The buyers are committing $36 billion of their own equity (briefly and inexpertly, "equity" is the value of your assets after you deduct anything you owe), including the value of the PIF's existing investments in EA. They're making up the rest of the total thanks to a $20 billion loan from JPMorgan Chase Bank. How will they manage that massive debt? According to the Financial Times, who cite unnamed insiders, they're gambling on the deployment of generative AI tools as a gigantic cost-saving measure.
"The investors are betting that AI-based cost cuts will significantly boost EA's profits in the coming years, people involved in the transaction told the Financial Times," the paper wrote (paywall) in their own coverage of the story.
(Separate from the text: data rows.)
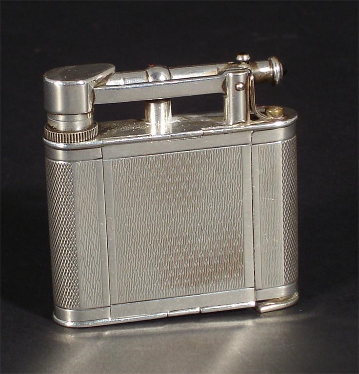 A Dunhill novelty Lighter electroplated vanity case designed 1928 with engine turned casing, containing hinged mirrored powder, lipstick, eyebrow pencil and scent flask stamped marks 6cm. high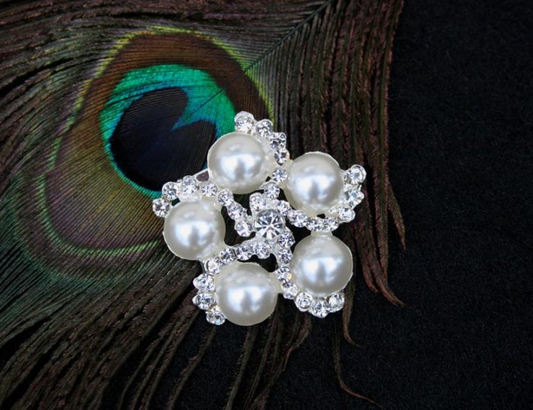 Gyöngyös kristály kitűző: 425. modell ezüst alappal, gyöngyökkel, valamint kristály színű kövekkel. Tűvel illeszthető ruhadísz, melynek mérete 4,3 cm.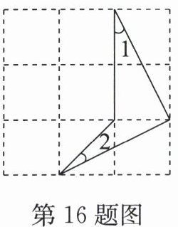 16. 如图,已知方格纸中有 9 个相同的小正方形,则 $ \angle 1 + \angle 2 $ 的度数为______ $^{\circ} $。

The FT elsewhere commented that the acquisition "is a huge bet that artificial intelligence can significantly cut EA's operating costs, allowing the equity consortium to manage a large debt load on a company that historically carried limited net debt."
This has got to be some form of vulture capitalism. They will sell off all the IP and physical property, either directly or by spinning off divisions into new companies to sell off. Then sell off any other pieces of the company that they can, and finally they'll take all that income as bonuses for the new owners and leave the remains of EA with nothing but debt and no option other than to file for bankruptcy. Same thing that was done to companies like Toys-R-Us but on a larger scale.
That was exactly my thought. Extract cash for the owners through massive cuts, gut the company and discard the husk. Classic leveraged buy out scheme.